Chapter 36 Deception

When I open my eyes, Ray is looking at me with an odd smile on his face.  “Is everything ok? Do I look different?” I say, I’m afraid he’s changed his mind about me and he doesn’t really feel the same as I do.

He takes my hand and shyly places a kiss to my lips, “You’re perfect” he replies.

I wrap my arms around him and pull him in for a longer kiss. It takes my breath away as he picks me up and carries me to the bed. He carefully lays down next to me and says, “Are you sure about this?”

I gaze into his eyes and have just a moment of doubt. I take a deep breath. “Yes, I’m sure.  I feel like we belong together”  I close my eyes and let him kiss me again.  I’m not sure why I have a strange feeling in my stomach, I push it away and think that it is probably just because I’ve not told my family about all the changes I’ve made today.

The next morning I slowly wake up and smell pancakes.  One of my favorite breakfast foods.  I look over at see Ray cooking breakfast. He’s already dressed and I climb out of bed and sit at the table. I notice he has picked a pretty flower and put it on the table.  All my feelings of nervousness have gone, I know I’ve done the right thing.

The next several days pass in a blur. I am running between Ray’s apartment and my place with my sisters.  They were quite worried and upset when they seen that I had graduated school early and aged up so quickly. They haven’t met Ray yet, he is quite a loner and  isn’t ready to meet my family. Of course, he can only meet my sisters at the moment anyway. With Mom and the twins out of the country and Dad in jail, there seems to be no rush.  I sit down with my sisters and try to explain to them how I feel.

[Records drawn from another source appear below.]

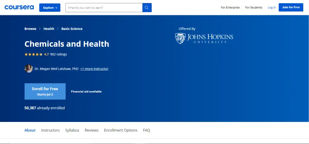5. Chemicals and Health by Johns Hopkins University on Coursera
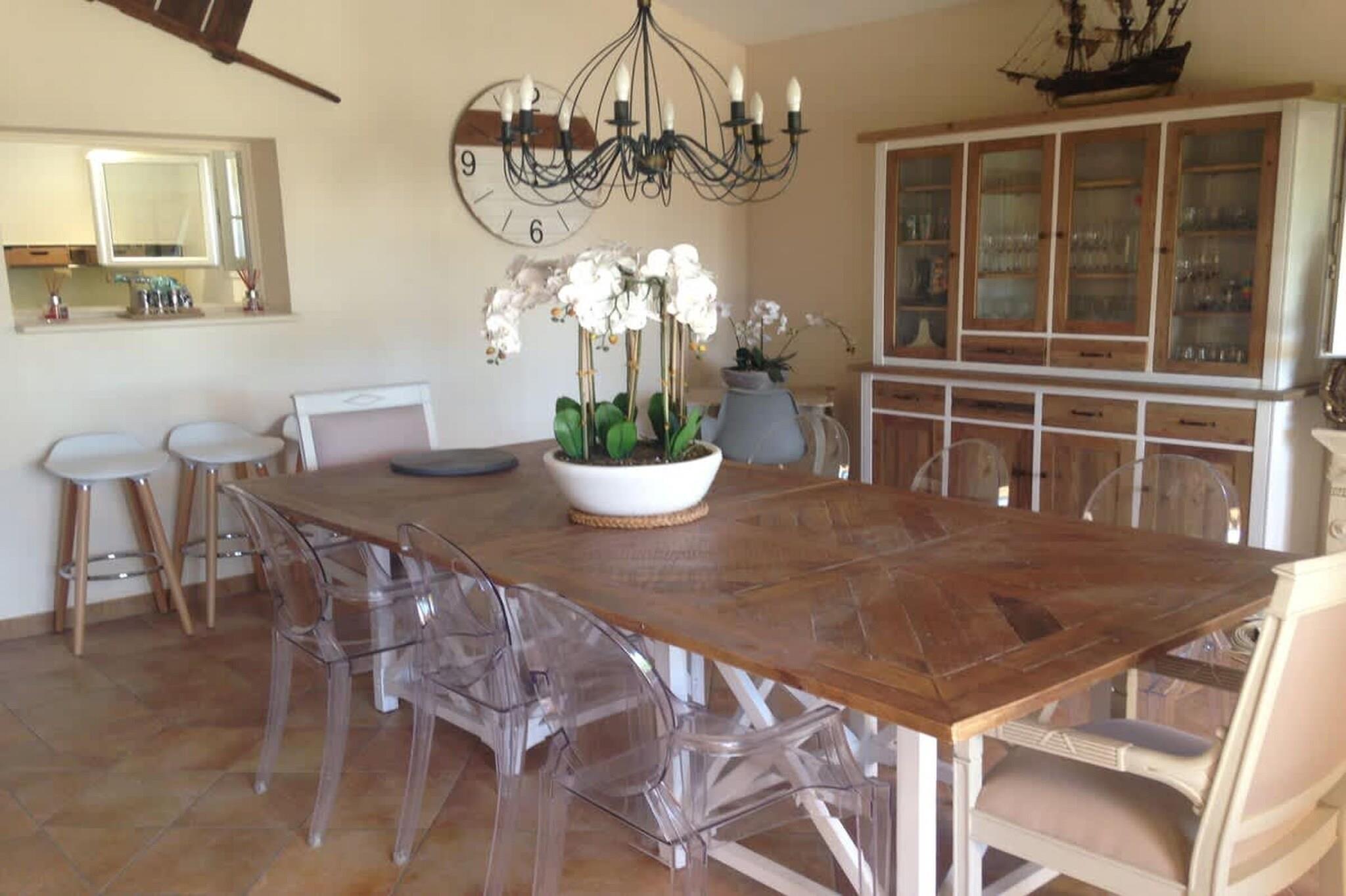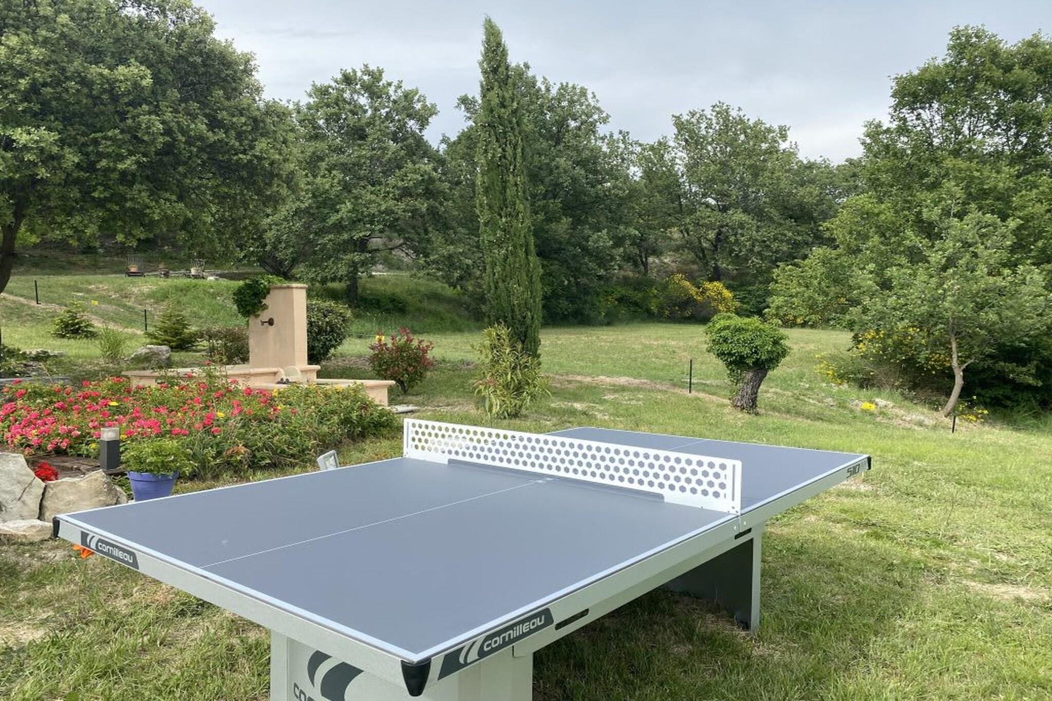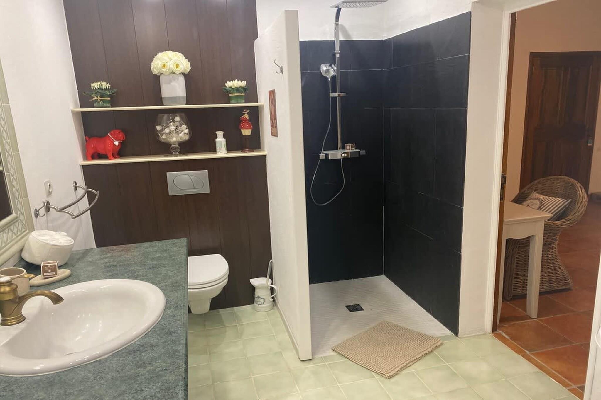 Denne elegante provencalske bastide, beliggende i Murs, ligger på en privat, stor ejendom på syv hektar og tilbyder et autentisk og raffineret fristed, kun seks kilometer fra Gordes, en af Frankrigs smukkeste landsbyer. Ejendommen er designet til absolut komfort og ro og blander ubesværet traditionel arkitektonisk charme med moderne bekvemmeligheder af høj kvalitet. Det rummelige interiør er indrettet for at sikre privatliv og luksus for alle gæster, med fem rummelige soveværelser, der hver har eget badeværelse, tv og rigelig opbevaringsplads. De fælles opholdsrum er lyse og indbydende og åbner generøst ud mod naturen. Indretningen er enkel og elegant med fremhævelse af kvalitetsmaterialer og autentisk provencalsk charme. Villaen er fuldt udstyret med fiberoptisk Wi-Fi overalt og inkluderer et lille fitnesscenter til gæsterne. Køkkenet er fuldt forberedt til dit ophold og er udstyret med opvaskemaskine, mikrobølgeovn, stort køleskab, komfur og alt nødvendigt køkkenudstyr, herunder kaffemaskine og vinglas. Der er også vaskemaskine og tørretumbler. Udenfor er ejendommen en sand oase af fred og aktivitet. Den sikrede, opvarmede swimmingpool er det perfekte sted at slappe af, omgivet af store naturområder og liggestole. Et petanque-terrain fuldender den autentiske provencalske oplevelse. De syv hektar store grunde sikrer total ro og intimitet og tilbyder åben udsigt over Luberons landskab. Blandt de velovervejede faciliteter er en privat ladestation til elbiler og tilpasninger til gæster med nedsat mobilitet, såsom et soveværelse i stueetagen, brede døre og nem adgang til poolen.
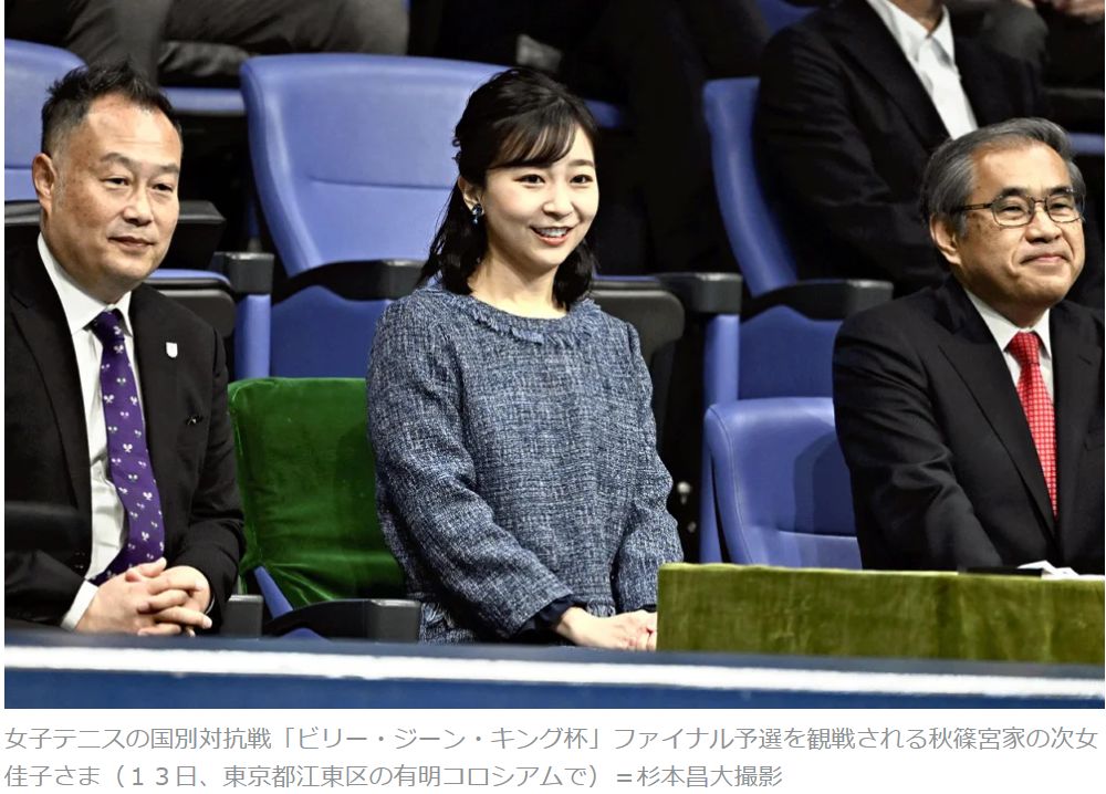 大阪万博開会式で雅子さまのトンデモなピンクのスーツを見た後だからか、佳子さまが女子テニスのW杯「ビリー・ジーン・キング・カップ」観戦、ただこれだけの報道でも清々しい気分になりました。痞えていた餅がすーーっと下がったような気持ち(^^)
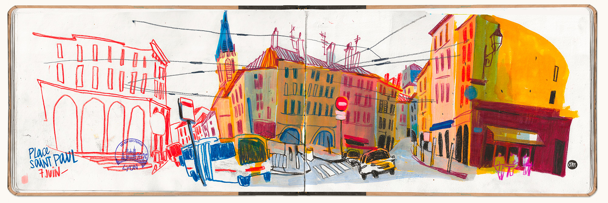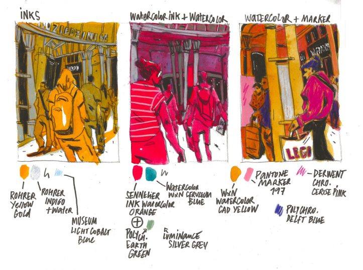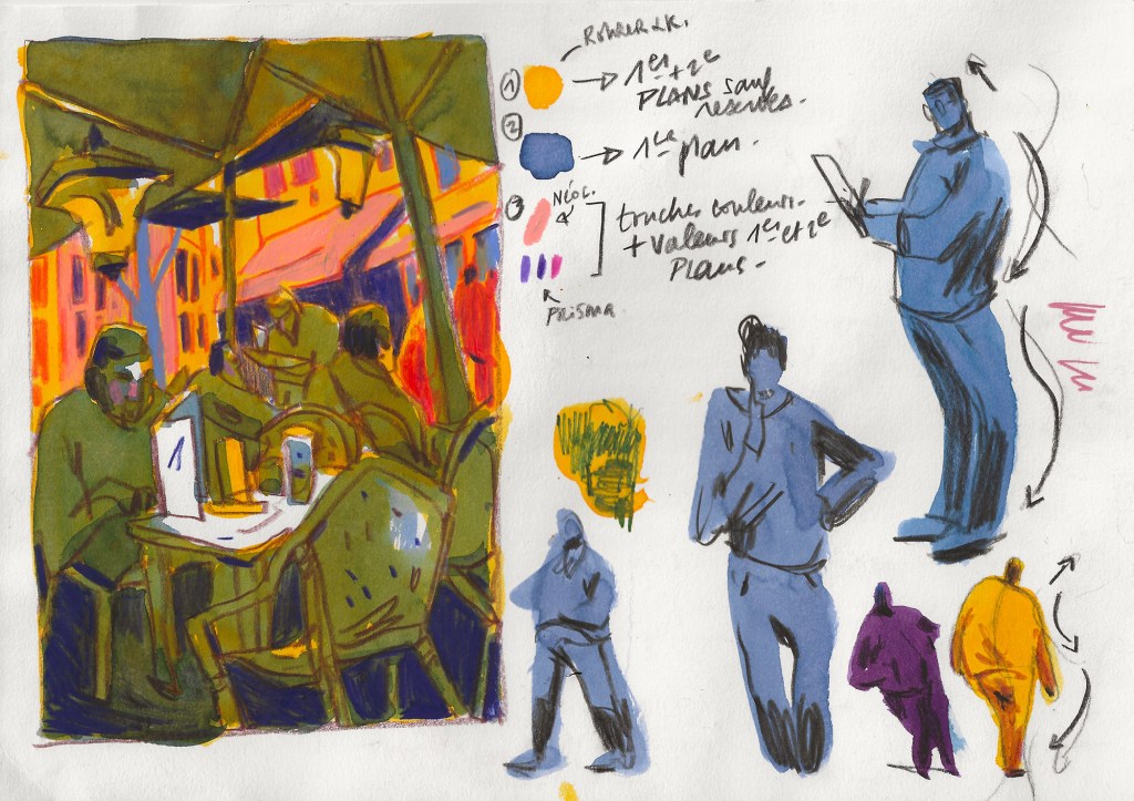 In the second session, we’ll scale up to larger scenes, applying the same principles with more freedom. Colour becomes the main actor: it sets the atmosphere, guides the eye, and enhances the layers and textures. Participants will experiment with mixing media to build expressive, dynamic sketches where colour and texture pop and tell the story.

Merri, of course had plenty to say, but she soon calmed down and said that she needed to meet this mystery man.  She jumped up and gave me a hug. She has always felt like the older sister, she is always so responsible. It’s strange for me to be older than her now.

Robin didn’t have much to say, she thinks I’ve ruined my life by skipping the last few months of high school. “You are going to miss Prom! We were all going to go together and now you’ve ruined everything!”  Merri just looked at her and smiled, “We will still go, we will rock the prom!”

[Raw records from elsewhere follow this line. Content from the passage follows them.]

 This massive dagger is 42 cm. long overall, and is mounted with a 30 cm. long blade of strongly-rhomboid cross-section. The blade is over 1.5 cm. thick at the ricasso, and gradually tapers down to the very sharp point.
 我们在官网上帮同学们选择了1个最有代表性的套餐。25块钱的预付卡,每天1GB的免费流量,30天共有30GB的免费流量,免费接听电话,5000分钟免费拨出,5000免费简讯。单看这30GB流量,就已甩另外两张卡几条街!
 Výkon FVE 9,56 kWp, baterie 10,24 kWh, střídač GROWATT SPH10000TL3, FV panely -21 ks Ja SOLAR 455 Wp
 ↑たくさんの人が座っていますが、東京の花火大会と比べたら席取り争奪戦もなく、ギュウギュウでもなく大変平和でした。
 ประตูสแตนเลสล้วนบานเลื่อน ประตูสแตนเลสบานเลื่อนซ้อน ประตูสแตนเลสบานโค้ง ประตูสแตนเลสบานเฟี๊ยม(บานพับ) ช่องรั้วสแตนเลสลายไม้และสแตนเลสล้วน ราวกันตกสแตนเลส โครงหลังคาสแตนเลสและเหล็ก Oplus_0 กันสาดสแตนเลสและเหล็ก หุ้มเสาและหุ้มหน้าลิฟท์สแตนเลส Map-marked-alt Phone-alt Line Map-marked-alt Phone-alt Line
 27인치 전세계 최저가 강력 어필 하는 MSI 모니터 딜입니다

I soon move all my things to Ray’s place, no sense in running back and forth when I have been spending so much time there. The next few weeks pass quickly and are wonderful. Ray is everything I imagined in a partner. He’s talking marriage already, although he insists on doing things the right way and say we have to wait till my Mom and Dad are both here to talk to. He wants to ask permission!  How romantic!

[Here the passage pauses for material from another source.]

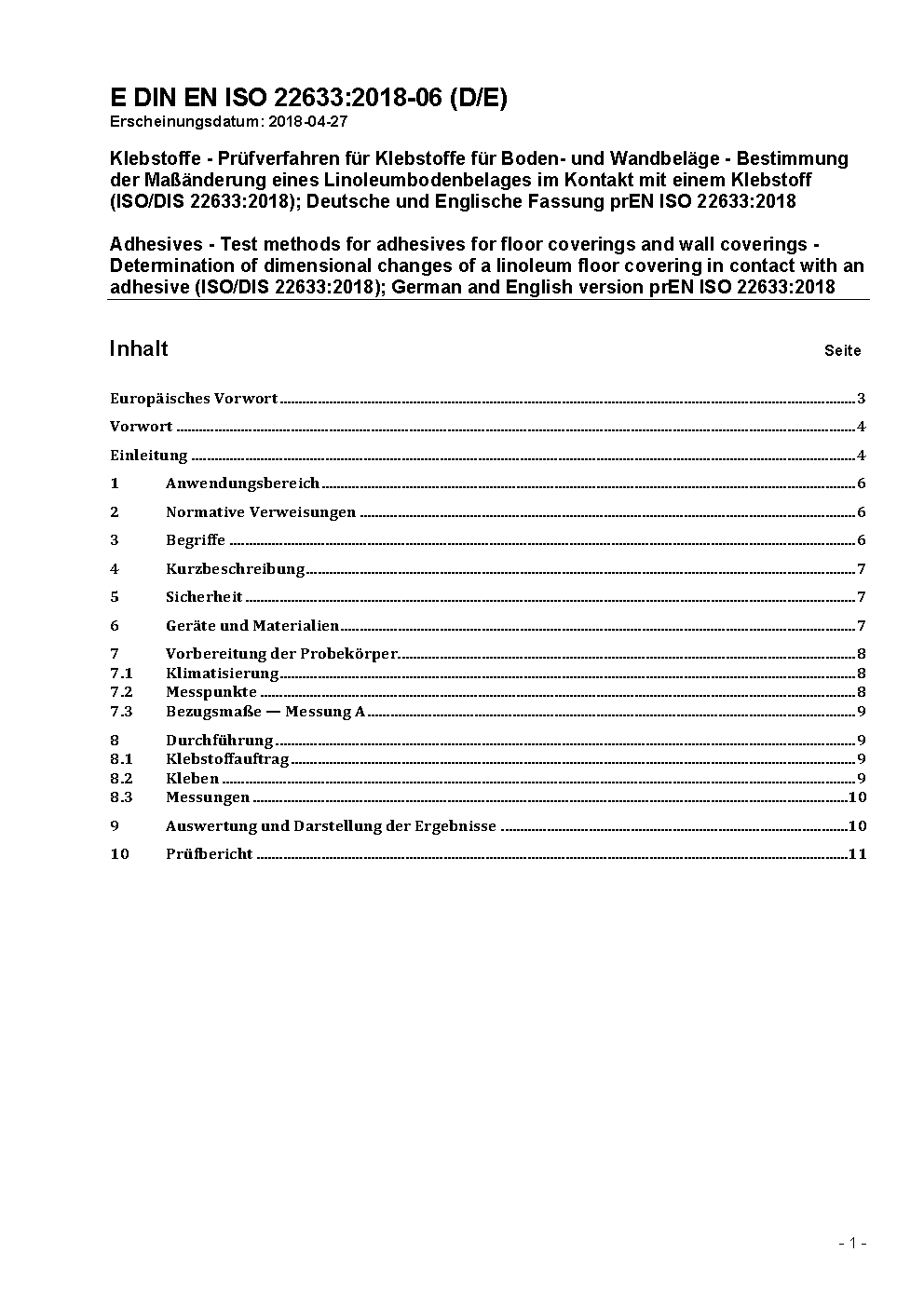 Adhesives - Test methods for adhesives for floor coverings and wall coverings - Determination of dimensional changes of a linoleum floor covering in contact with an adhesive (ISO 22633:2019); German version EN ISO 22633:2019
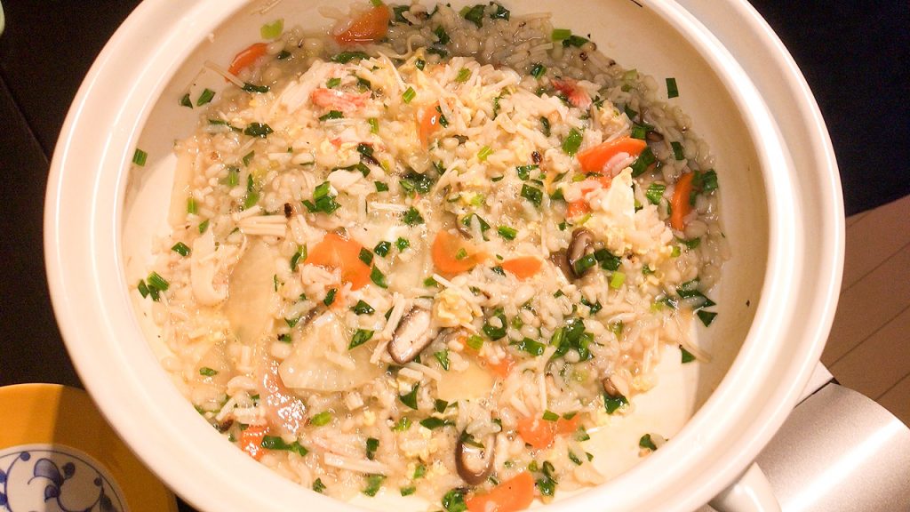 先日かにの出汁を取ったのですが、そのときの出汁でかに雑炊を作ってみました。

We have the best time together, Ray has a playful side and this morning we had an all out pillow war. Then spent the rest of the day cuddled up on the couch watching movies, and well, pretending to watch movies.

Soon after I get the nerve up to tell Mom about my new life. I hop on the computer and hope to catch her online.  No such luck, so I send her an email and give her all the details…, Well, almost all the details!

I know she will be happy for me, after all she has been through she just wants her family to be happy.  I hope that she will come back home soon.  It’s not fair to Dad that she has run away. I don’t tell her that in the email, just ask when she is coming home. I tell her I miss the boys and feel like I’m missing their entire childhood.

The next morning, I wake up and I’m not feeling well at all.  I try to remember what I had for dinner last night.  Just a salad, I wonder if the dressing was bad. I think it tasted just fine. Hope I’m not coming down with something.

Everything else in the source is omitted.